"Enter"a basıp içeriğe geçin

Katliam Başlıyor

Dehşet ile un ufak eden dedi üçüncüye, dağ eriten dedi dördüncüye. Dünyanın kenarını arayan rüzgar adını verdi beşinciye, yukarıda ve aşağıda hiç kimseyi esirgemeyen dedi altıncıya. Yedincisi çok gaddar bir kötülükle doluydu; canlıları buharlaştıran dedi adına. Anu’nun onayıyla bu yedi silah verildi Nergal ve Ninurta’ya ki bunlarla yıkımı başlatsınlar. Ninurta dehşet silahlarının yerine vardığında Nergal hazırdı yıkmaya ve yok etmeye.

Oğulları öldüreceğim, babaları yok edeceğim, diye bağırıyordu Nergal intikam duygusuyla. Göz diktikleri diyarları dümdüz, günahkar şehirleri alt üst edeceğim! Böyle ilan ediyordu Nergal öfkeyle. Yiğit Nergal, doğruları da mı yok edeceksin günahkarlarla birlikte? Böyle sordu Ninurta yoldaşına. Enlil’in talimatı çok açık! Seçilen hedeflere doğru yol göstereceğim sana, peşime düşüp izleyeceksin beni!

Anunnakilerin kararı bildirildi bana, dedi Nergal, Ninurta’ya. Enlil’den gelecek işareti beklediler yedi gün ve yedi gece. Niyetine uygun olarak, bekleyişi tamamlandığında, Babili’ye döndü Marduk. Silahlarla donatılmış takipçilerinin huzurunda en üstün olduğunu ilan etti.

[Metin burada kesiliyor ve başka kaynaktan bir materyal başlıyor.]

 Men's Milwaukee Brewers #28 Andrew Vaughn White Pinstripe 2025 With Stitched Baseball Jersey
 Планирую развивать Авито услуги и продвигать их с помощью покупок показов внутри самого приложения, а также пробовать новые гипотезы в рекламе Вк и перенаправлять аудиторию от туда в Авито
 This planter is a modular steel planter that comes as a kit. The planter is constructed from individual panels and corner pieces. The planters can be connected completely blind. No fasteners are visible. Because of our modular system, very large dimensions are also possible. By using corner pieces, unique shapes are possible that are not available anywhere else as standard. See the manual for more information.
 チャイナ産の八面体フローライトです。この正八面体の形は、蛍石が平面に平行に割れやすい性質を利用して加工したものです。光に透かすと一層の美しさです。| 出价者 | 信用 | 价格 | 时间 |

Dünya yıllarının hesabı bin yedi yüz otuz altı idi o sırada. O gün, o meşum gün yolladı Enlil işareti Ninurta’ya. Ninurta Maşu (Sinadaki dağ) dağına gitmek üzere çıktı yola, Nergal de düştü ardına.

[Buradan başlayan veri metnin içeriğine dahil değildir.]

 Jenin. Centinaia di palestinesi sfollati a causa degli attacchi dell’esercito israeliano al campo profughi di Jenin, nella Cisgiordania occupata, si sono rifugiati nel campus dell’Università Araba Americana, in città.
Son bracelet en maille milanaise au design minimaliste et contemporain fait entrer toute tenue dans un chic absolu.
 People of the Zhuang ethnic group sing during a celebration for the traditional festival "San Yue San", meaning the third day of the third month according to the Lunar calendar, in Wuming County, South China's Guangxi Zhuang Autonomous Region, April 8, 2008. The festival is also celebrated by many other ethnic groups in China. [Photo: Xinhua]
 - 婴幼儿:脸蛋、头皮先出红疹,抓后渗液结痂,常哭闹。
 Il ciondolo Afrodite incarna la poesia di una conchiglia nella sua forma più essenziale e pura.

Dördüncü bölgenin tam kalbindeki dağı ve ovayı göklerden taradı Ninurta. Yüreği ezilerek verdi Nergal’e işareti: Uzak dur! diye işaret verdi ona. Sonra ilk dehşet silahını gökten aşağı bıraktı Ninurta. Maşu dağının tepesini bir ışık çakmasıyla koparttı; dağın iç kısımları eriyiverdi anında. Göksel arabalar yerinin üstünde ikinci silahı serbest bıraktı. Yedi güneş parlaklığıyla ovanın kayalarında fışkıran bir yara açtı silah. Dünya sarsılıp ufalandı; gökler bu parlamanın ardından karardı.

Yanmış ve ezilmiş taşlarla örtülü arabaların düzlüğü, Düzlüğü çevreleyen tüm ormanlardan geriye yalnızca ağaç gövdeleri kaldı sağlam. Tamamdır, sözlerini haykırdı Ninurta gök gemisi siyah ilahi kuştan. Marduk ve Nabu’nun göz diktiği kontrolden artık sonsuza dek mahrum kaldılar! Derken Ninurta’ya özendi Nergal; yok edci Erra olması için dürttü yüreği onu.

Kral yolunu izleyerek beş şehrin yemyeşil vadisine doğru uçtu. Nabu’nun insanlarını yollarından çevirdiği yemyeşil vadide, kafeslenmiş bir kuş gibi ezmeyi planlıyordu Nergal! Birbiri ardınca uçtu beş şehrin üstünden, her birine bir dehşet silahı yolladı Erra göklerden. Vadinin beş şehrini bitirip tüketti, viraneye döndü hepsi. Ateş ve kükürt yağmuruyla alt üst oldular, oralarda yaşayanların hepsi buharlaştılar.

Muazzam silahlar yüzünden devrildi dağlar, deniz sularını tutan sürgü kırıldı. Vadiye akıp doldu denizin suları, sularla kaplandı vadi. Sular şehirlerin külleri üstüne aktığında göklere yükseldi buhar. Tamamdır, diye bağırdı gök gemisindeki Erra. İntikam duygusu kalmamıştı Nergal’in kalbinde. Ellerinden çıkan kötülüğü tararken iki kahraman gördükleri şeyden dolayı şaşırdılar.

Parlamaların ardından kararmıştı gökler ve sonra bir fırtına esmeye başladı. Karanlık bir bulutun içinde dönenen kötülük rüzgarı göklerin kasvetini taşıyordu. Gün ilerledikçe ufuktaki güneş karanlıkla örtüldü. Gece çökünce dış kenarlarında ürkütücü ışıldamalar dans etti, yükselen Ay’ı bile yok etti. Ertesi gün şafak söktüğünde, batıdan, yükarı denizden güçlü bir bora esmeye başladı.